Hi, I am using the API to create automated reviews of small papers. This can be useful as a starting point for actual proper reviews. However the 8k limit limits the approach to small papers, 2 to 3 pages.
I wonder if there is a way to iteratively use openai.ChatCompletion to process page by page within the limits. Otherwise I will have to way for 32k access
Here is an example of what I get for this paper Biases in Author Recognition | blog@CACM | Communications of the ACM
(base) cbm@MacBook-Pro-Touch2 autoreview % python autoreview4.py 3535190.pdf
Title: A Review of “Biases in Author Recognition” by Carlos Baquero and Rosa Cabecinhas
The reviewed paper, “Biases in Author Recognition,” takes a look at various factors and biases affecting author recognition and contribution attribution in academic papers. The paper begins by exploring the economy of attention – selective attention in the context of reading papers – and discusses alphabetic order and contribution/role order as prevalent authorship conventions. It then delves into the impact of preferential attachment, the Matthew effect, and the Matilda effect on author recognition.

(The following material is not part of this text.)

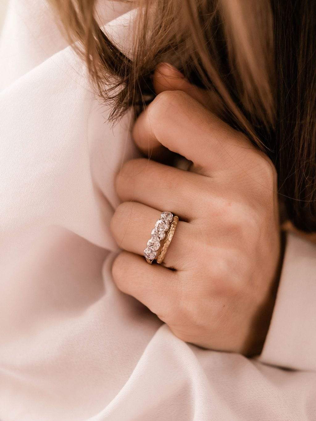 Half Collet Set 5 Stone Engagement Ring

On the topic of alphabetic order and contribution/role order, the paper cites research by Fernandes and Cortez (2020) that shows a lack of a clear trend in author order conventions in computer science. While providing examples of journals that require Author contribution statements, the authors could have explored more solutions to address the ambiguity in authorship-related practices within the computer science domain.
When discussing the preferential attachment in citation practices, Baquero and Cabecinhas cite Barabási and Albert (1999) and Klemm and Eguíluz (2002) and connect the concept to the popularity of academic papers. Nonetheless, the authors might have considered a more recent analysis of citation practices in computer science specifically or proposed ways to mitigate the biases, such as alternative citation metrics.

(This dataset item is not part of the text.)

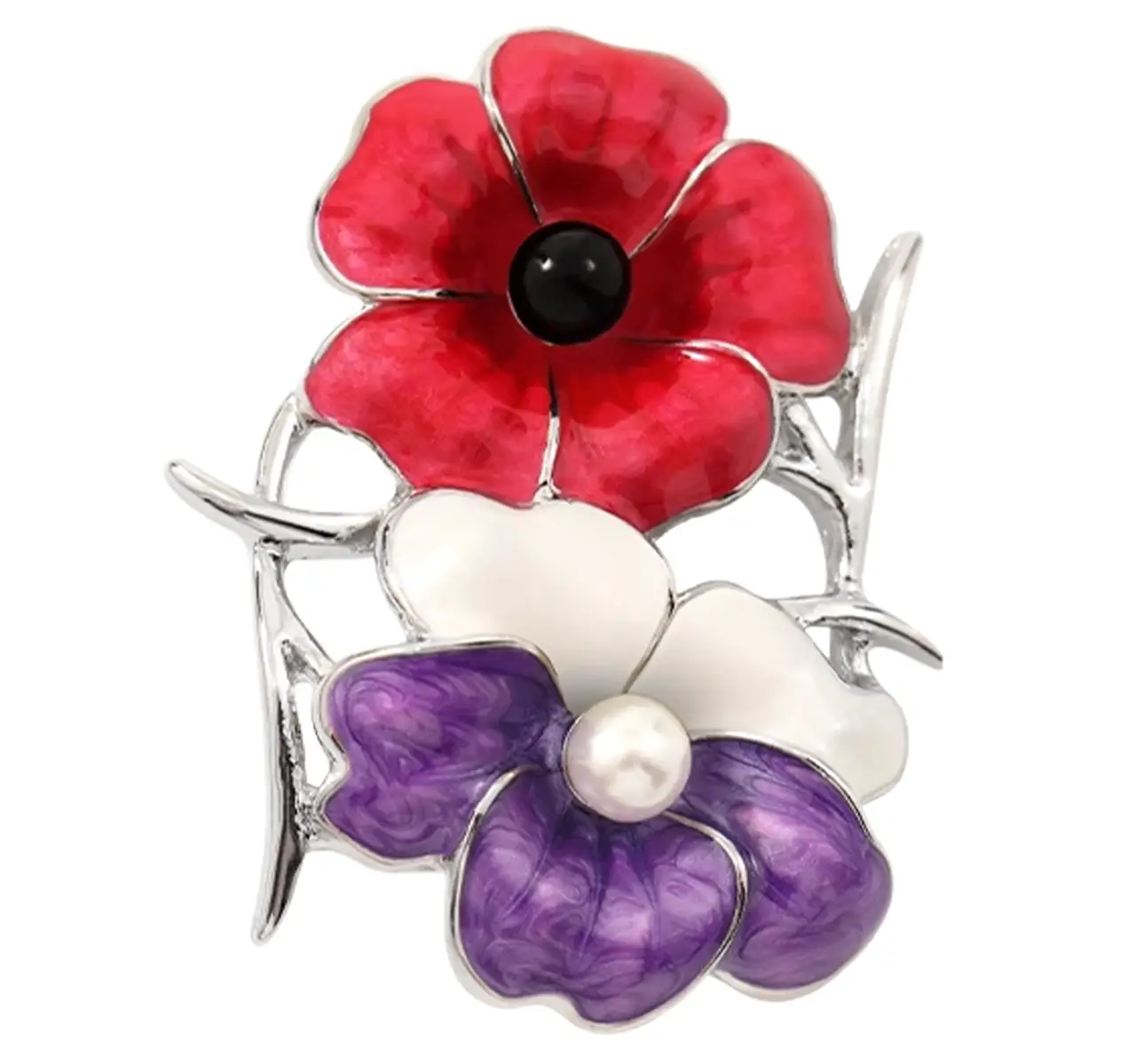 Remember Their Service Red & Purple Poppy Lapel Pin

Regarding the Matthew effect, the authors provide a clear explanation, citing Merton (1968) and Merton (1988). While they discuss how the Matthew effect negatively impacts less renowned or younger authors, further exploration into strategies to counter this tendency in author attribution would enrich the paper.
The section on early success in grant applications provides interesting insights, with Bol, Vaan, and Rijt’s (2018) research showing that early grant winners subsequently secure double the funding of those just below the funding threshold. However, the authors could offer more actionable advice to early-career researchers to overcome such biases.
The final section introduces the Matilda effect and brings forth some poignant examples of women’s omission in the history of science from Rossiter (1993). Despite acknowledging the progress made in addressing gender bias, readers might benefit from a deeper analysis of methods to reduce the influence of the Matilda effect and promote equality in author recognition.
Overall, the paper presents a solid analysis of various biases in author recognition, exposing well-established practices in the computer science domain. However, the authors could have taken the opportunity to explore potential solutions more concretely, thus making the paper more actionable for researchers affected by these issues.